Никто не ответил… Николай Николаевич, пошарив, нашел портсигар, спички и закурил. Табачный дым еще пуще затуманил мысли, но потом все-таки прояснилось, и Николай Николаевич вспомнил о княгине, вспомнил все: как вчера, после годовой разлуки, встретил Муньку Варвара, как она обрадовалась, а он хотел удрать, но это не удалось, – не удрал. Как они обедали, потом катались, потом в «Самарканде» ужинали с цыганами; как пришли какие-то офицеры с пьяным англичанином, кричавшим почему-то «батюшки, матушки»; как на столе лежали Мунькины толстые ноги и так далее, и так далее… Цыгане, шампанское, Мунькины духи… Даже сейчас ими пахли руки… Но скверное случилось после, когда в два часа возвращались на автомобиле: на углу Кирочной поравнялась с ними карета, из окна выглянула сама княгиня Лиза и устроила такую гримасу, что… фу!.. фу!..

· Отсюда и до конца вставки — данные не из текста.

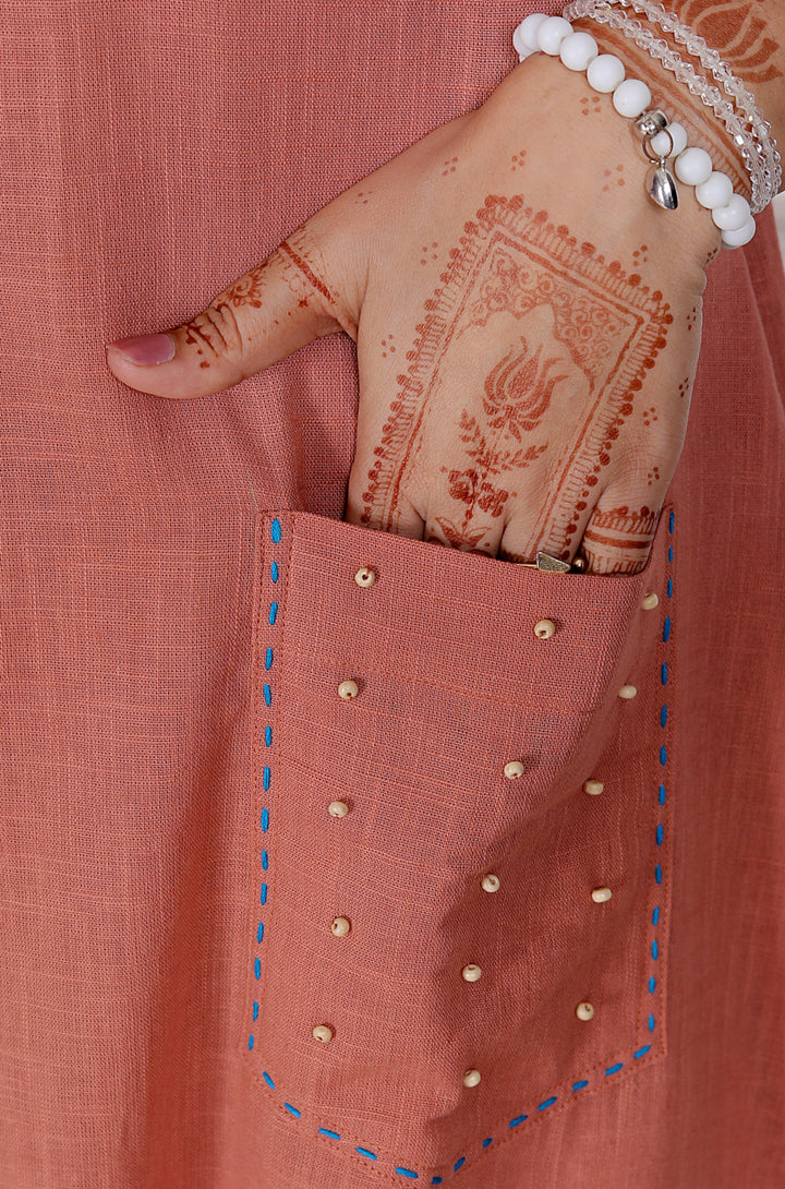 This Kurta has Hand attached wooden pearl beads along the neck and pockets giving it the Elegant Traditional touch.
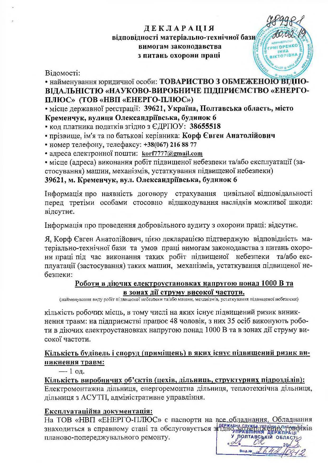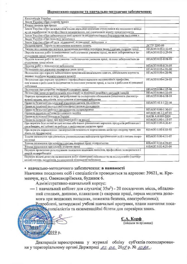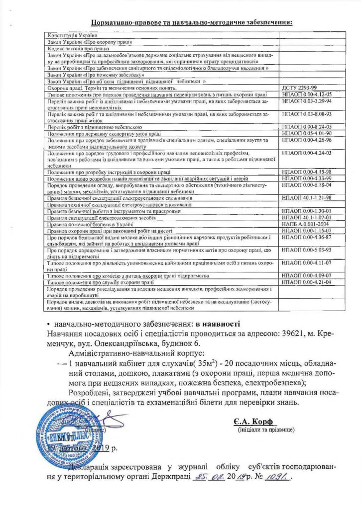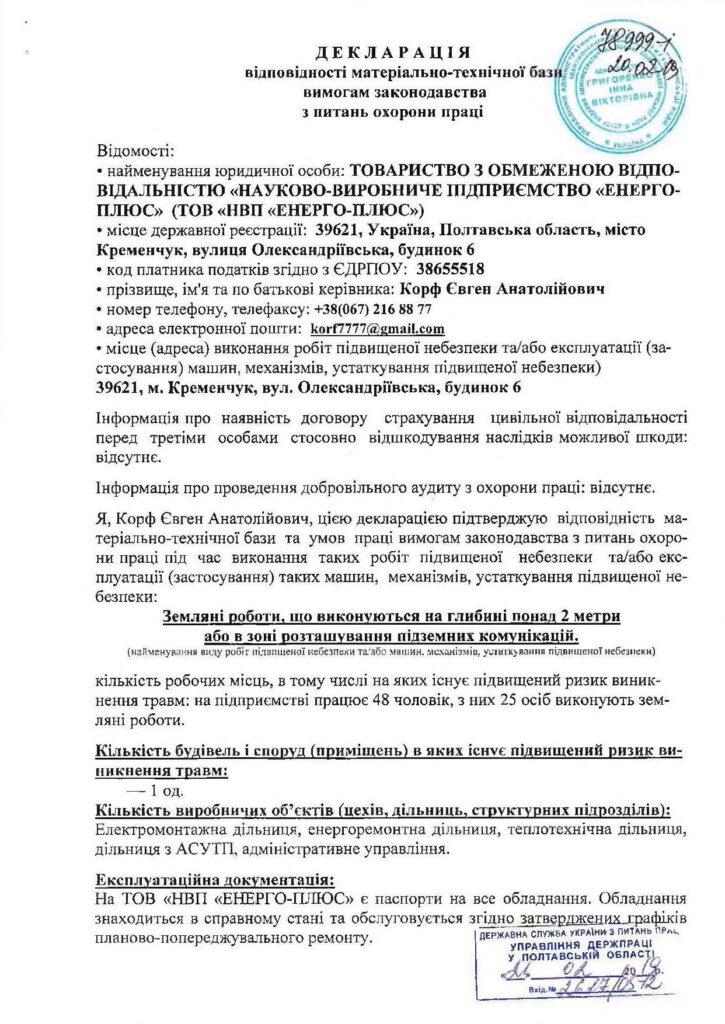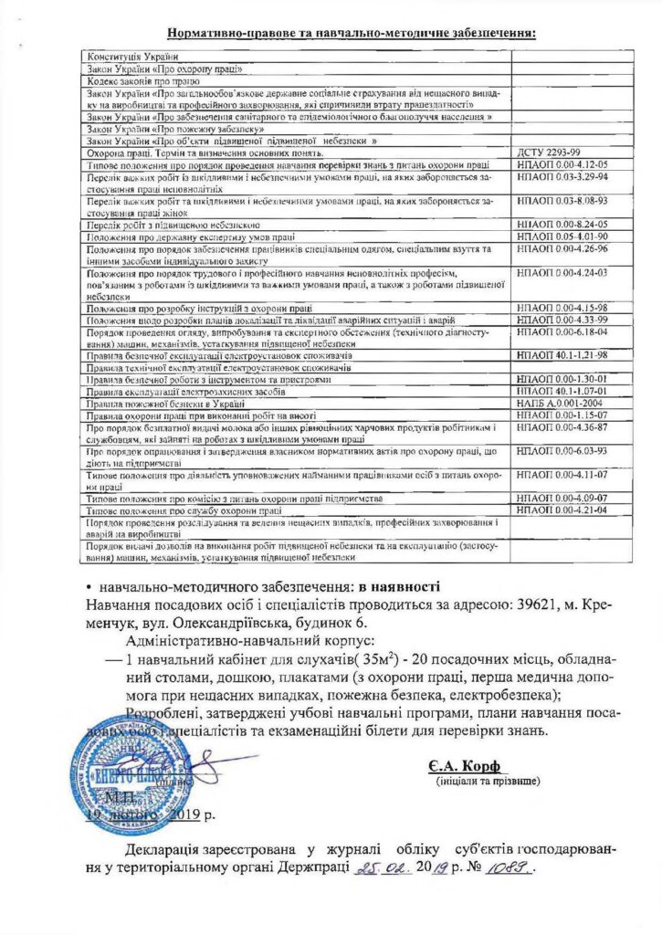 Декларація відповідності матеріально-технічної бази вимогам законодавства з питань охорони праці (зе...
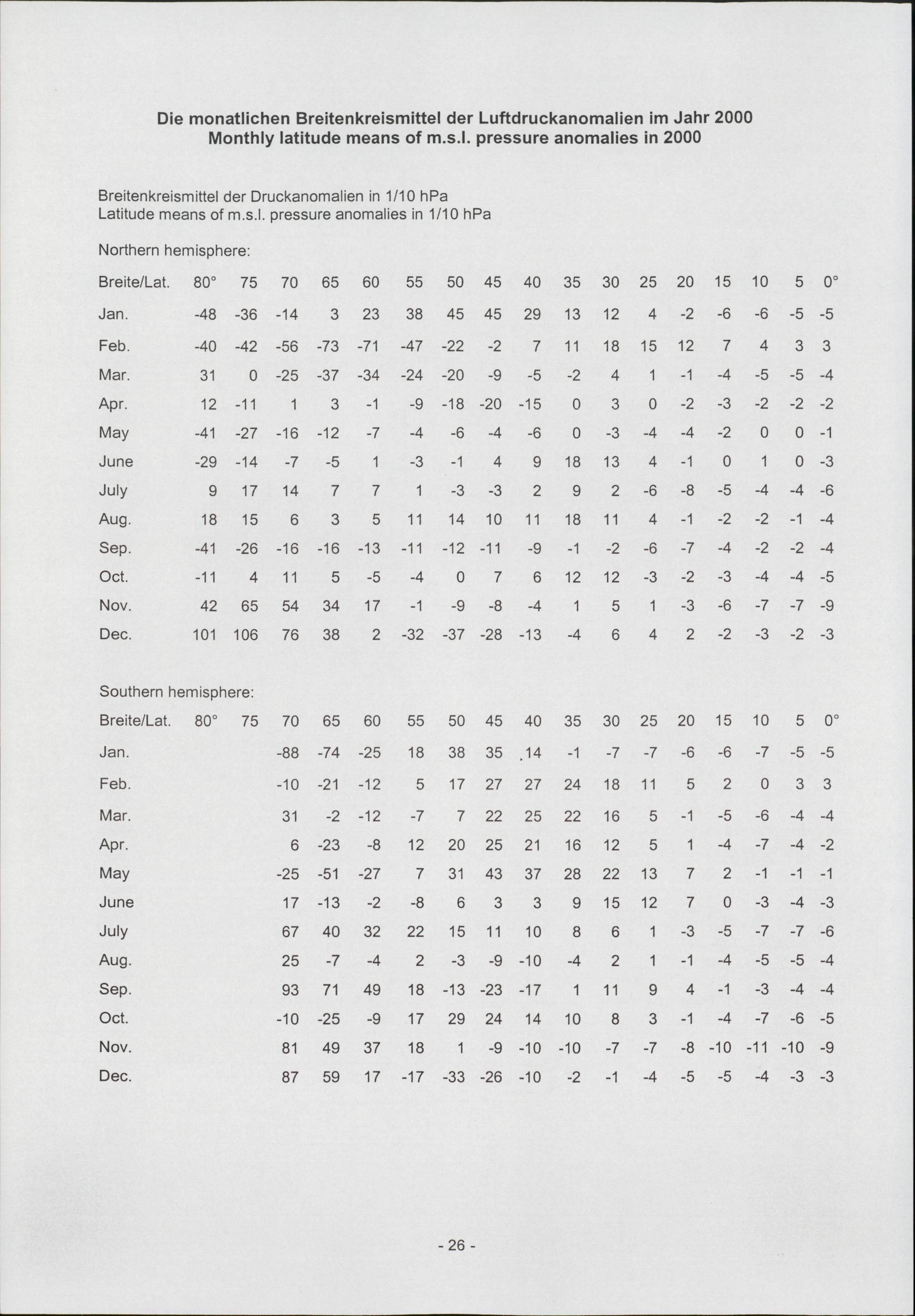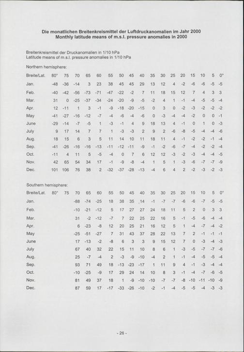 Die monatlichen Breitenkreismittel der Luftdruckanomalien im Jahr 2000
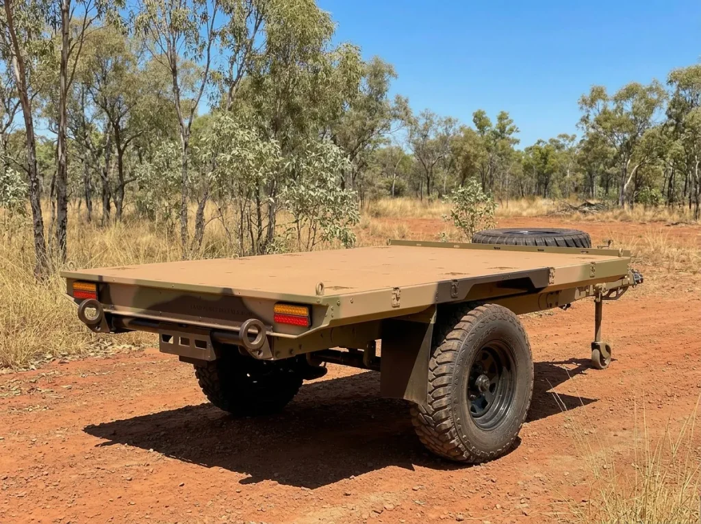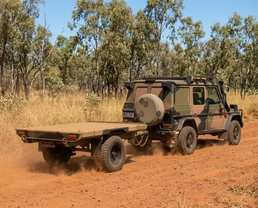 The main design feature of the L.T.S.T.’s trailer frame is the Heavy Duty 125 x 75 x 4mm Box Section chassis that runs the full length of the trailer giving it maximum strength and rigidity as it negotiates rough off road terrain. The hot dipped galvanised chassis is made of Laser Cut, open chassis members allowing for easy wash down and cleaning, with no enclosed areas where mud, sand and salt can get trapped and cause corrosion.
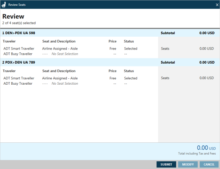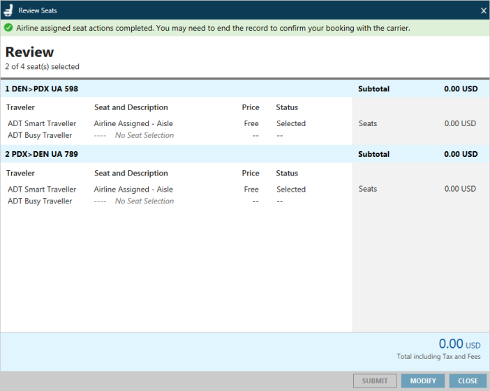 - Lorsque tous les sièges sont attribués, y compris les sièges attribués par la compagnie aérienne, les sièges libres et les sièges payants, cliquez sur VÉRIFIER pour afficher l’écran Vérifier.
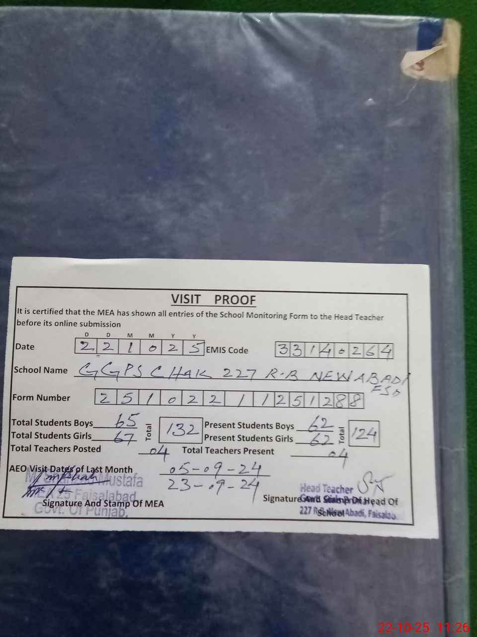 | Attendance Register | Head Teacher | MEA with School | Visit Proof |
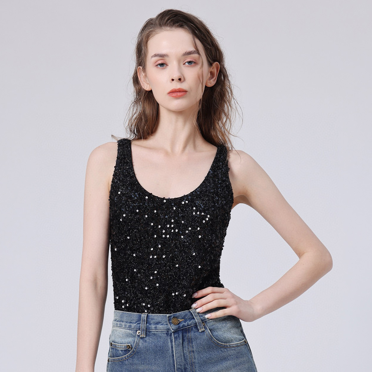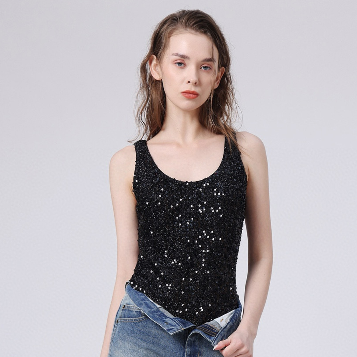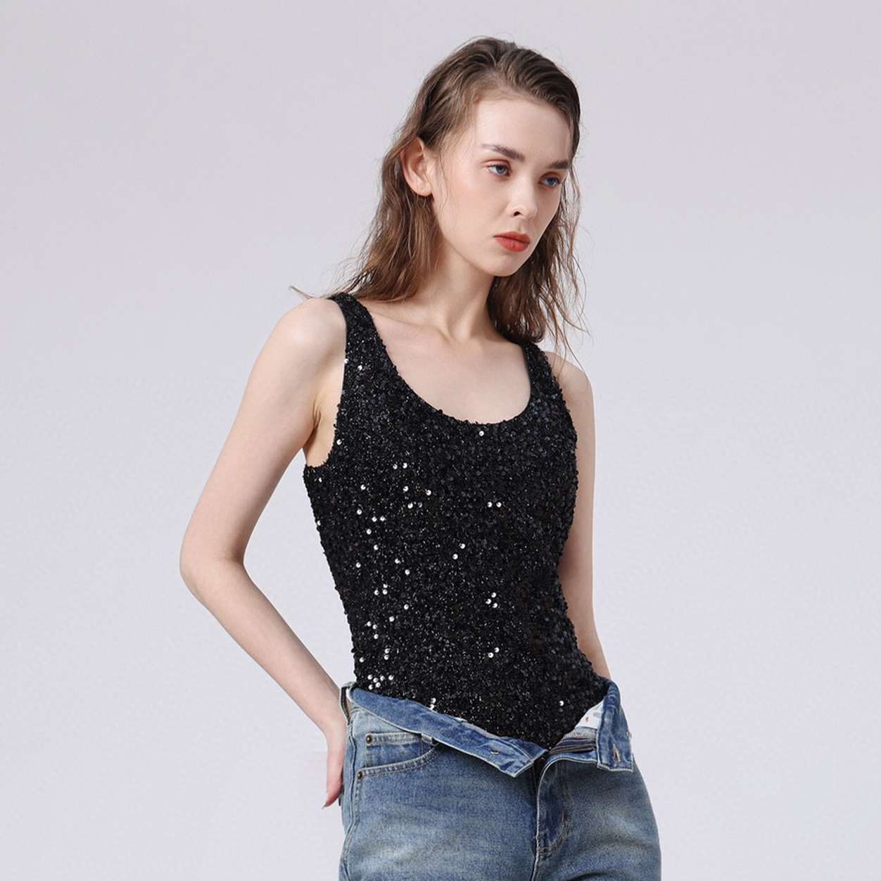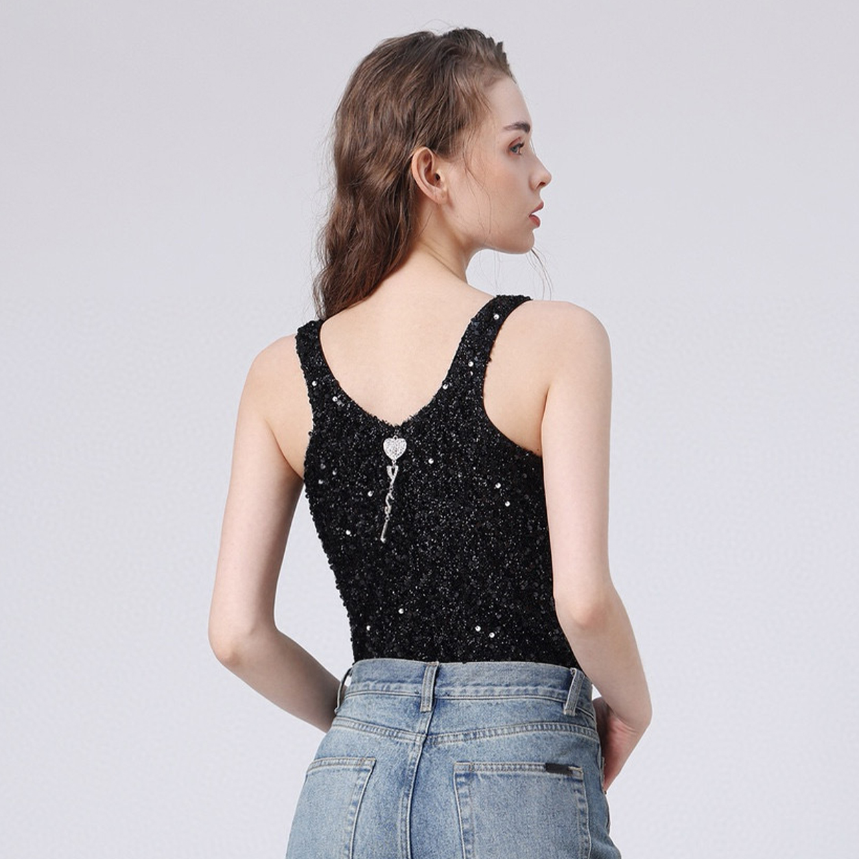 NIGO SAINT LAURENT Women's Fashion Sexy Solid Color Silk Velvet Sequins Slim Sleeveless One-piece Top Ngvp #nigo8252
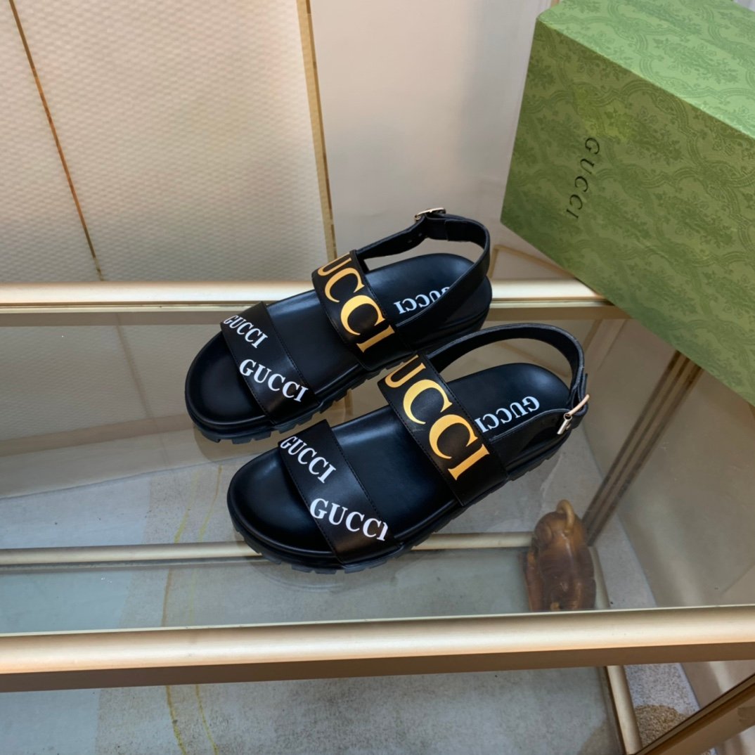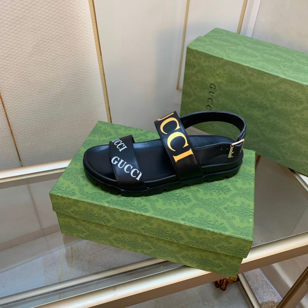 Gucci 女式老虎带扣凉鞋黑色 GG 女式

Николай Николаевич вытер мокрый лоб, привстал и крикнул:
– Тит, осел!
Вошел мрачный мальчик-грум, по имени Тит, отдернул, звеня кольцами, штору, и дневной свет залил небольшую низкую комнату, кровать из карельской березы и желтое, длинное, измятое лицо Николая Николаевича с коротко подстриженными усиками.
Николай Николаевич зажмурил глаза от боли. Тит захватил платье, ушел и вернулся, держа в руках поднос со стаканом крепкого кофе и яйцом в серебряной рюмке.
– Вчера я очень напился, Тит?
– Обыкновенно, – отвечал Тит, глядя в сторону.
– Все-таки сильнее, чем всегда?
– Пожалуй, сильнее.
– Знаешь, Тит, сколько вчера я выпил? – И Николай Николаевич принялся мечтательно перечислять сорта и марки выпитых им вчера вин.
– Вставать надо, – перебил Тит. – Французик сейчас придет.
– Сколько раз я запрещал тебе называть его французиком.
– Ладно уж…
– Дурак!.. Тит помолчал.
– Рубль тридцать копеек всего осталось вашего капиталу, – сказал он, – больше нет! – И, наконец, посмотрел на барина. – Так-то.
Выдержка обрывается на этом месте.